Get advice and support with infant feeding from other users here.

Breastfeeding in front of 5 year old stepson

63 replies

Hsolley0904 · 27/09/2024 06:56

I’ve got a 5 week old baby and she’s EBF. Throughout my pregnancy we told him how the baby gets milk from my breasts (he was very intrigued as to what she would eat, suggesting porridge etc 😂). He would mention that it was weird - we reiterated to him that it’s not and it’s very normal and lots of animals feed their babies this way.

Im very comfortable getting my breasts out to feed wherever and whenever as I don’t think women should ever feel like they can’t - I also have an incredibly hungry baby so she feeds A LOT. He makes me feel like I shouldn’t.

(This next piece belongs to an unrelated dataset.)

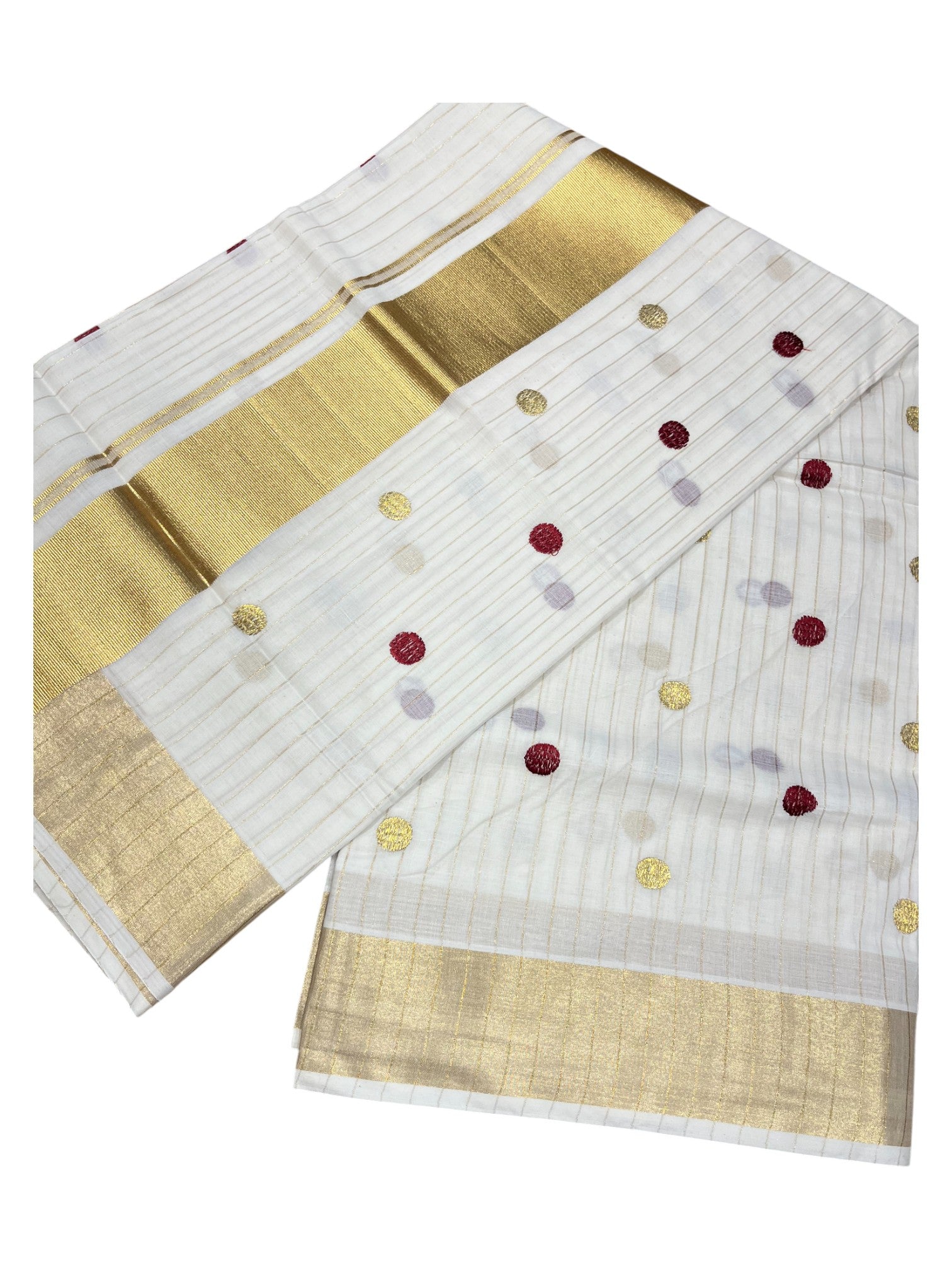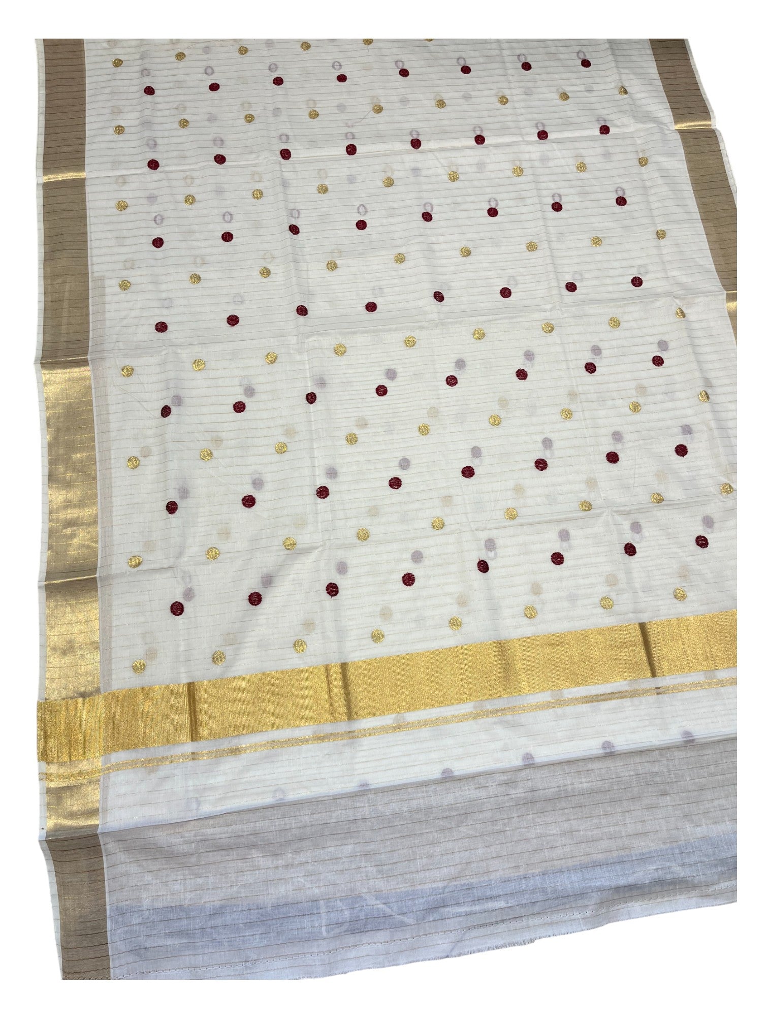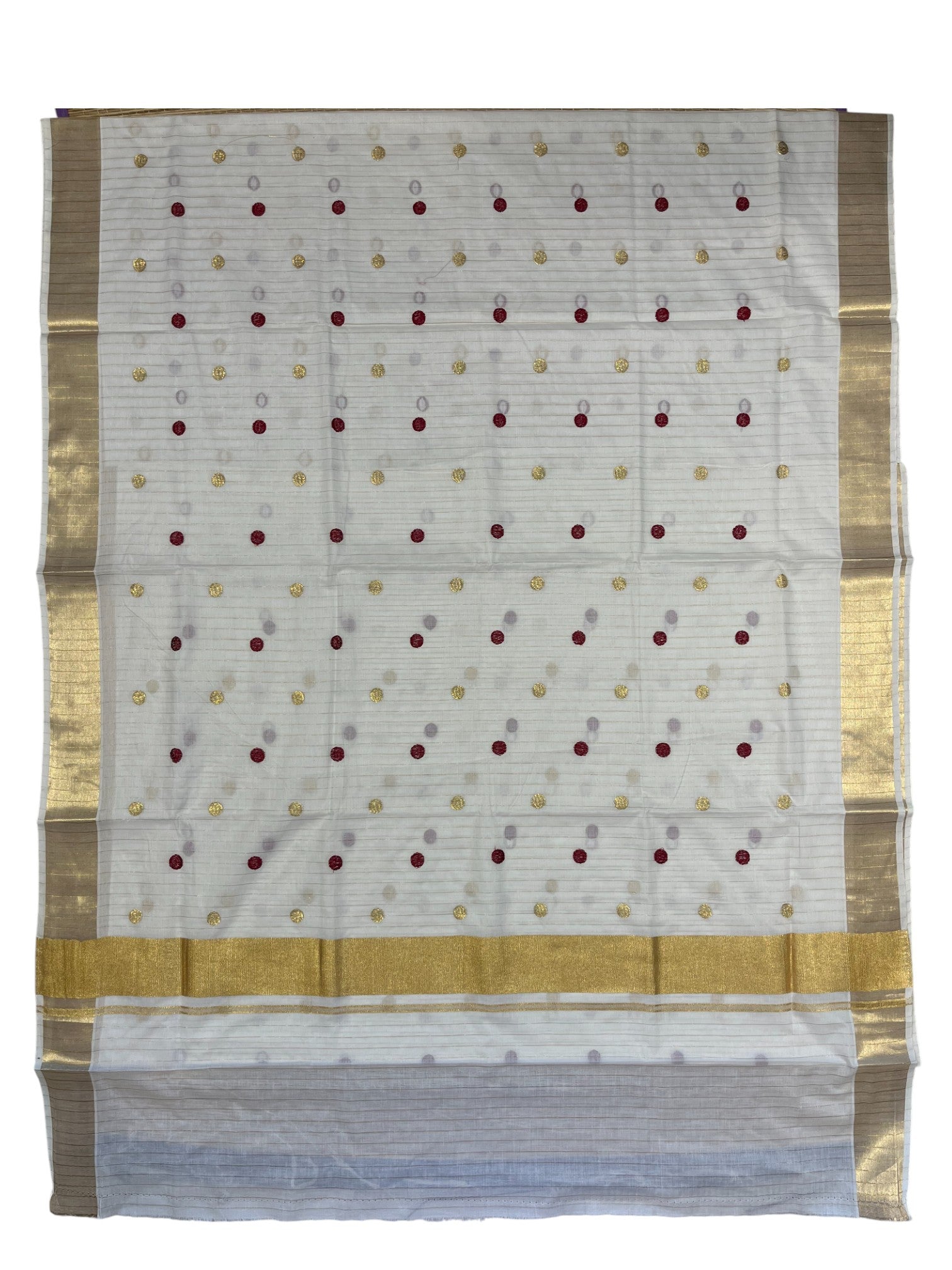 Southloom Kerala Pure Cotton Saree with Gold&Maroon Polka Embroidery Works on Body

Since baby was born, he’s carried on saying it’s weird and recently asked me to do it in another room because he doesn’t want to watch. Again he is only 5. We’ve tried to explain again that it’s just the baby having her dinner etc but he’s making me feel awful. I enjoy breastfeeding and tbh it’s about the only thing I do at the moment. I suffer with PPD and isolating myself to a room all day to feed her is not going to work for me.

can anyone suggest how I might approach this with him?

OP posts:
jolies1 · 27/09/2024 09:05

Hsolley0904 · 27/09/2024 07:01

When we’ve discussed with my stepson, it’s always been both of us. My partner is very supportive and I’ve been very open with how he is making me feel.

We’re just both a bit unsure as to how to approach this now.

“It’s okay if you want to go and play with dad / in your room / watch telly while I feed baby if you don’t want to watch.”

The novelty will wear off, he’ll eventually get used to it and ignore. A lot of kids can have the “that’s weird/ that’s yucky” reaction (or be overly interested) to bodily functions at that age.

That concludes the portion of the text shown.